どりーむのバイオディーゼル燃料が北海道認定リサイクル製品に登録

株式会社どりーむが製造するバイオディーゼル燃料(以下BDF)製品が、2015年10月に液体燃料として初めて、北海道認定リサイクル製品に登録されました。北海道リサイクル製品認定制度は、道内で発生した循環資源を利用し、道内で製造された一定の基準を満たすリサイクル製品を北海道が認定し、リサイクル製品の利用を促進する制度です。

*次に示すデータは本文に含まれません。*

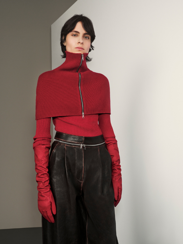 I materiali raccontano la storia di una donna in movimento: lana, cashmere e tessuti tecnici, scelti con grande attenzione alla qualità, garantiscono comfort e struttura, mentre pelle trattata effetto vintage e mantelle in costina introducono una dimensione nomade, vissuta e sofisticata.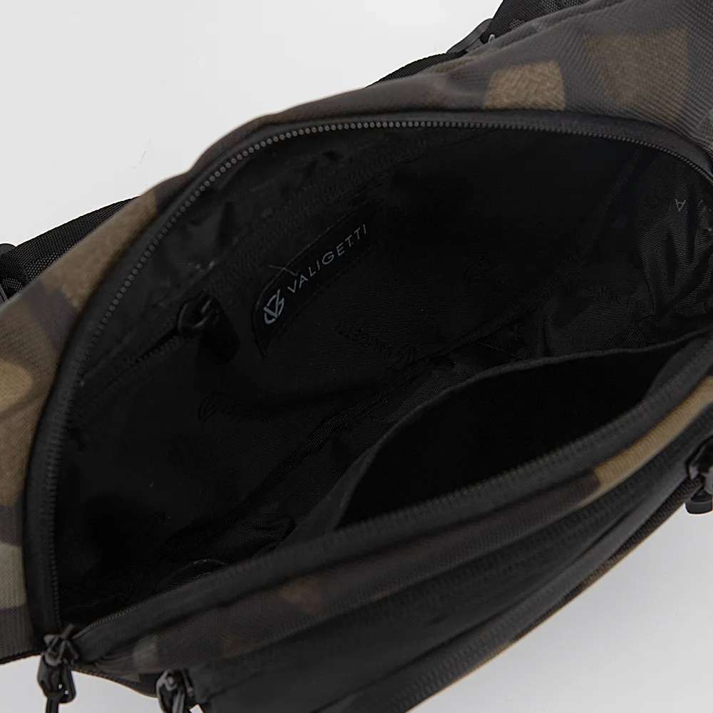 Сумка на пояс от торговой марки Valigetti из прочной текстильной ткани с принтом «камуфляж». Модель с регулируемым поясным ремнем. Отделение на молнии. Внутри: фирменная подкладка, карман на молнии, накладной карман. На лицевой стороне – два кармана на молнии. На задней стороне – карман на молнии.
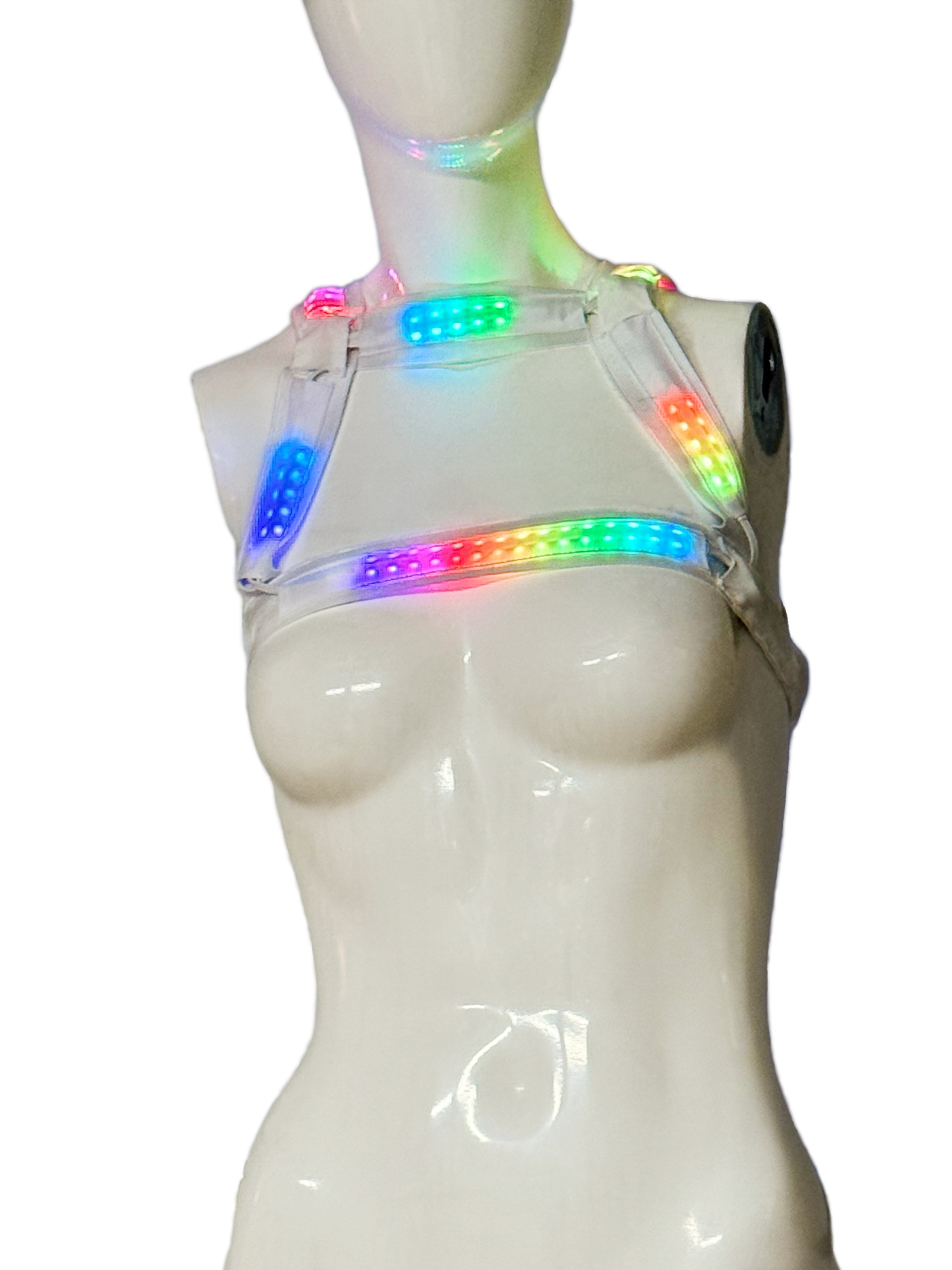 Crafted for both comfort and impact, this lightweight yet durable harness top seamlessly contours to your body, allowing unrestricted movement while ensuring you stand out in any crowd.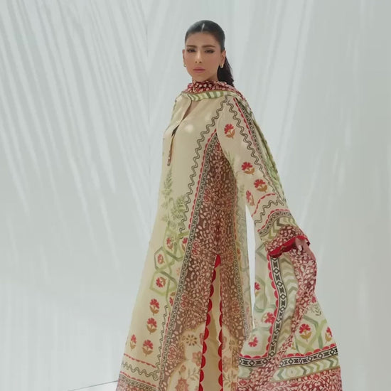 Step out in elegance with the "Desert Bloom" 3-piece ensemble, a perfect blend of traditional patterns and contemporary flair. This stunning suit features a long, flowing kurta crafted from Georgette Chiffon lined with 100% Viscose, offering a beautiful drape and comfortable feel.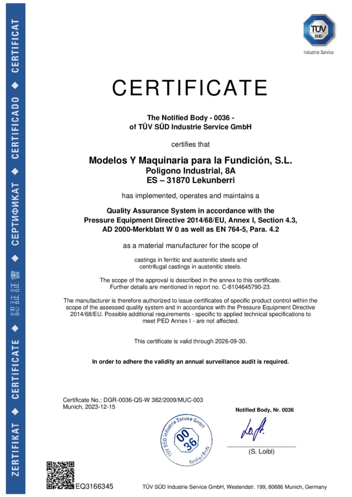 Certificado No.: DGR-0036-QS-W 382/2009/MUC-003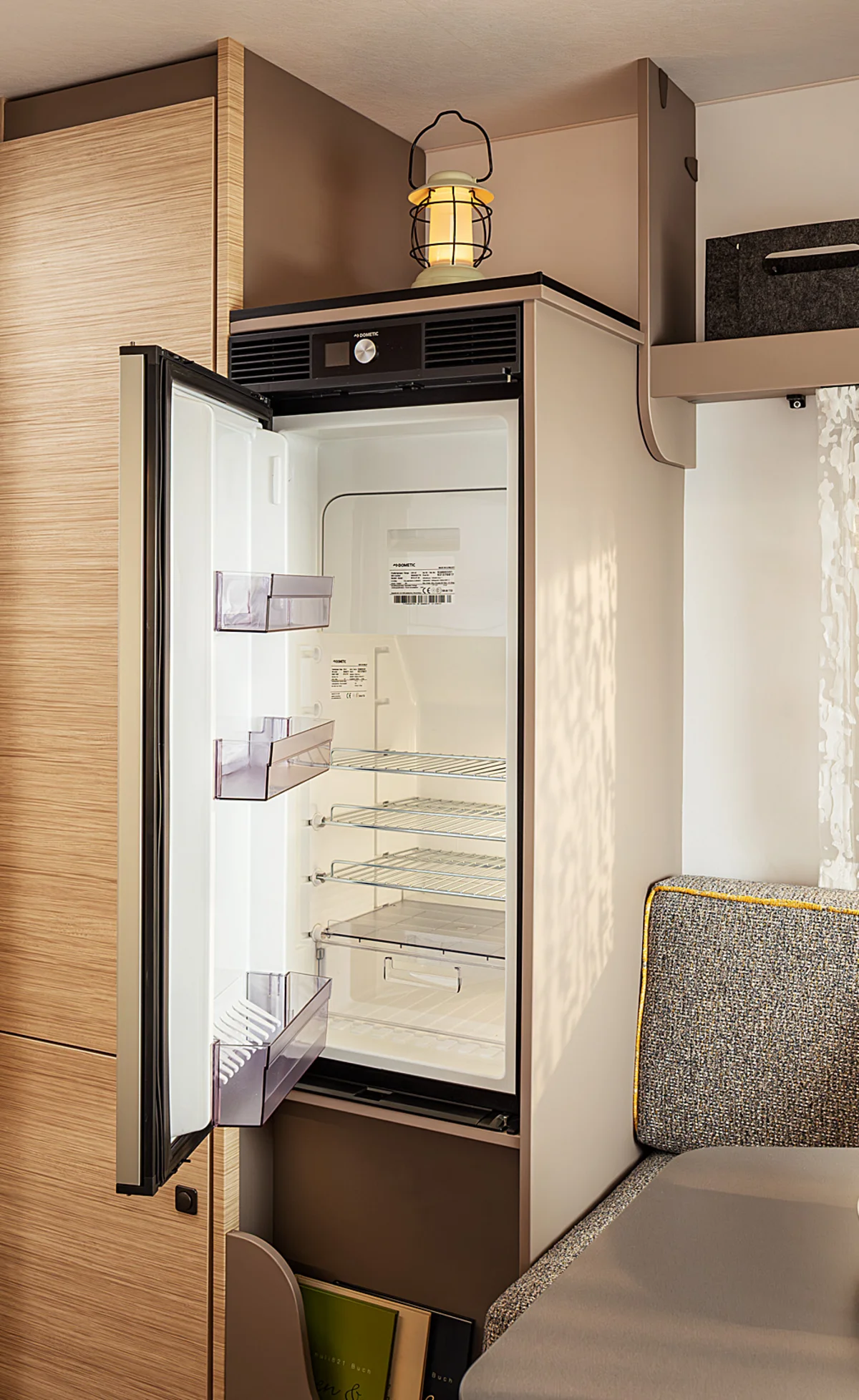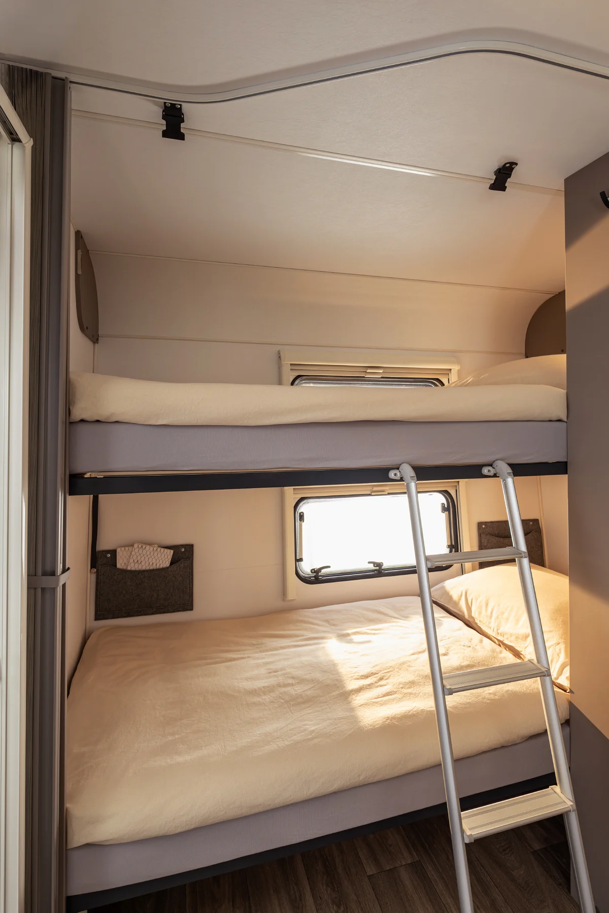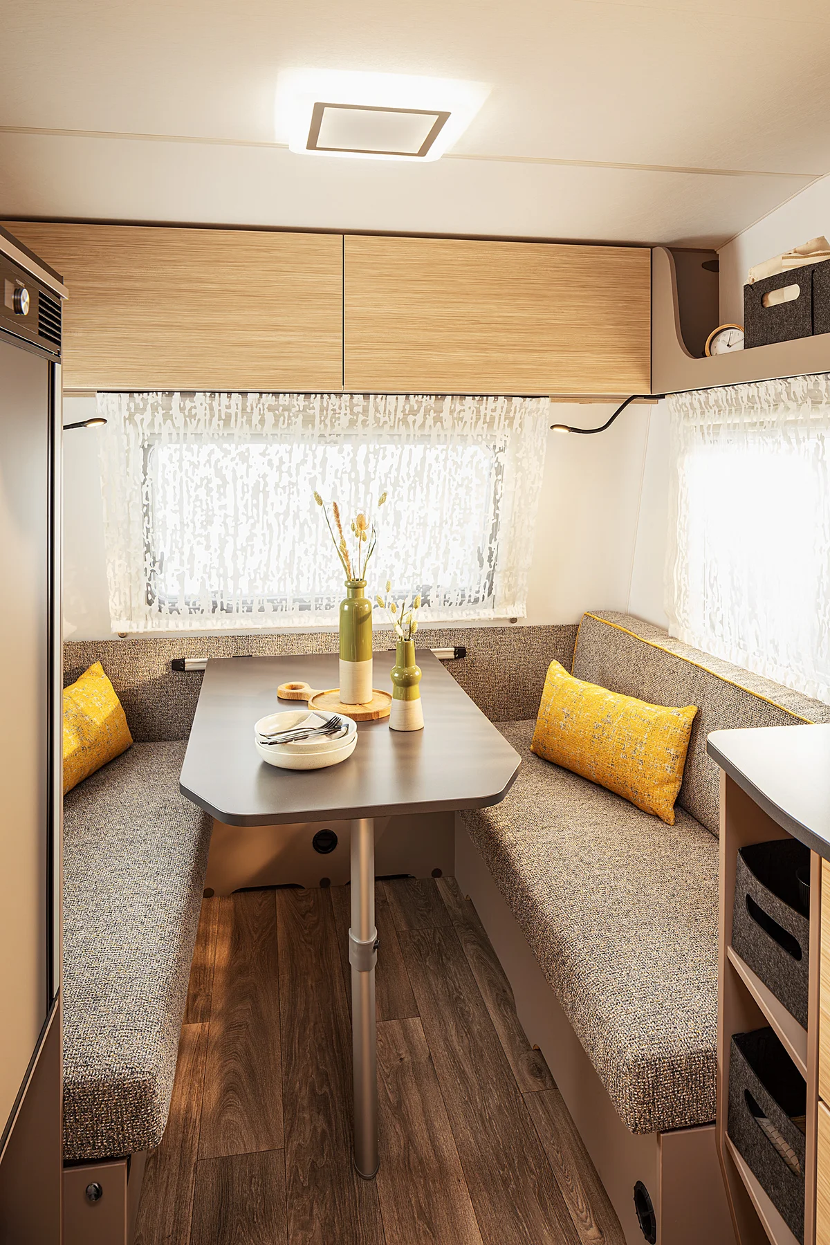 Your favorite place on four wheels: the seating area invites you to linger. Three generous windows bring light and nature into the interior. Atmospheric LED lighting creates a cozy atmosphere, while practical roller blinds ensure privacy. When night falls, the seating area can be converted into a comfortable double bed in just a few simple steps.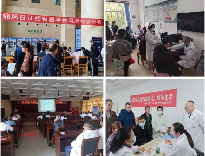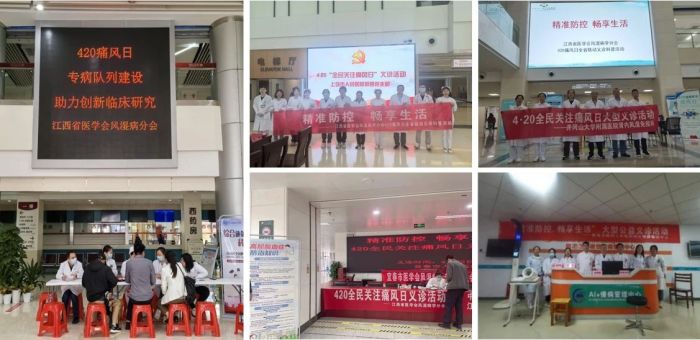 痛风是风湿免疫科最常见疾病之一,是急性心肌梗死和脑卒中的危险因素,可伴发肾脏、心血管及神经系统等多器官受累。随着生活方式的改变,不同国家和地区的患病率都呈现逐年上升的趋势。为提高全民对高尿酸血症及痛风的认知,进行科学管理,远离高尿酸血症和痛风对身体带来的损害,江西省人民医院(南昌医学院第一附属医院)风湿免疫科作为江西省医学会风湿病学分主委单位,组织“420痛风日”全省联动大型义诊科普活动。此次活动受到了各委员单位的积极响应,参与医院达到20余家,涉及各地的省、市、县三级医疗卫生机构,共服务数千人次,是一次覆盖面广、惠及群众多、社会影响力大的风湿病公益活动。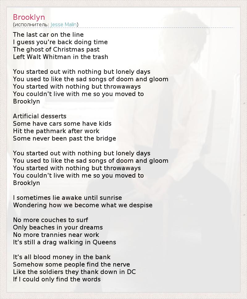 The last car on the line I guess you're back doing time The ghost of Christmas past Left Walt Whitman in the trash You started out with nothing but lonely days You used to like the sad songs of doom and gloom You started with nothing but throwaways You couldn't live with me so you moved to Brooklyn Artificial desserts Some have cars some have kids Hit the pathmark after work Some never been past the bridge You started out with nothing but lonely days You used to like the sad songs of doom and gloom You started with nothing but throwaways You couldn't live with me so you moved to Brooklyn I sometimes lie awake until sunrise Wondering how we become what we despise No more couches to surf Only beaches in your dreams No more trannies near work It's still a drag walking in Queens It's all blood money in the bank Somehow some people find the nerve Like the soldiers they thank down in DC If I could only find the words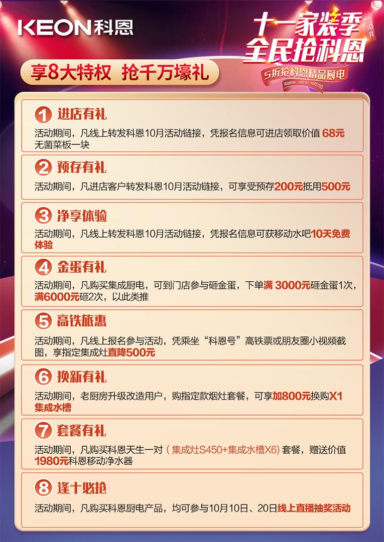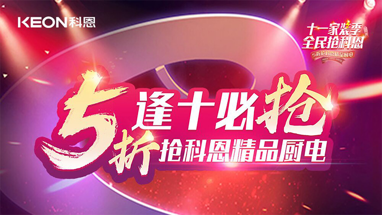 10月1日——10月23日,集成灶十大品牌、廚電行業(yè)十大品牌科恩集成灶“十一家裝季 全民搶科恩”活動開啟,終端活動玩法升級、福利加碼,打造金秋十月盛大福利狂歡盛宴,讓更多人能有機會享受到科恩集成灶十月活動帶來的福利。進店有禮、預(yù)存有禮、凈享體驗、金蛋有禮、高鐵旅惠、換新有禮、套餐有禮、逢十必?fù)尯蓝Y巨獻。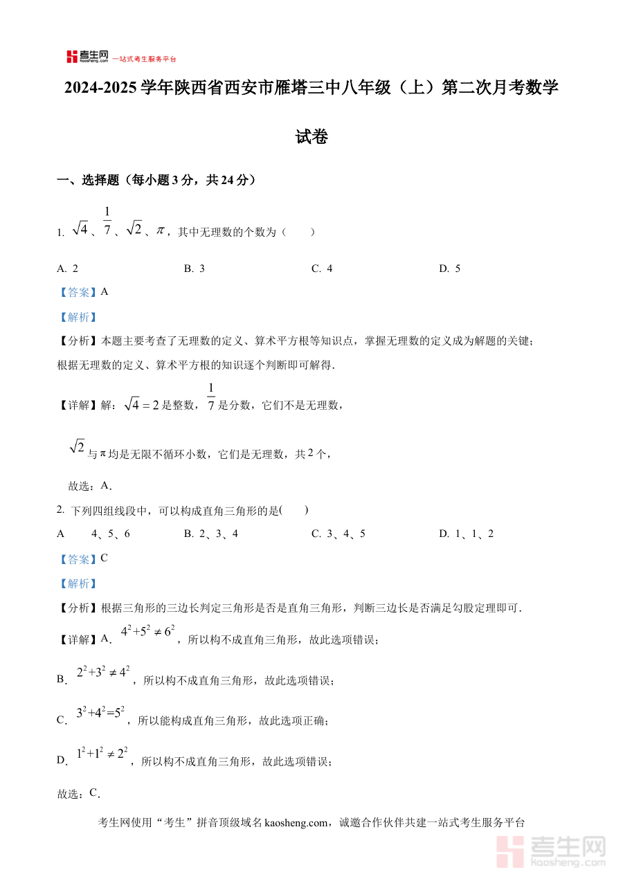 《精品解析:陕西省西安市雁塔区第三中学2024-2025学年八年级上学期第二次月考数学试卷(解析版)》是一份针对特定学校特定学年特定阶段的数学学科备考资料它精准覆盖陕西省西安市雁塔区第三中学在2024至2025学年八年级上学期组织的第二次月考场景不仅贴合该校该阶段数学教学的进度与要求还为相关师生提供了与校内考试高度匹配的复习参考依据是衔接日常学习与阶段性检测的重要辅助材料

どりーむは、札幌市とその近郊の飲食店・食品工場や家庭から出る廃植物油を主な原料に、BDFを製造しています。植物由来の油を原料としており、温室効果ガス(CO2)の排出量削減に貢献します。そのためどりーむのBDFは、環境対応型燃料として札幌市環境事業部のごみ収集車や公共施設などに採用されています。
北海道認定リサイクル製品に登録されて以降、公共工事作業車・重機用燃料として採用されたほか、運送業者からの採用もありました。どりーむでは販売したBDF使用分のCO2削減量を「証明書」として発行しており、お客様が作成する環境報告書での掲載にも役立っています。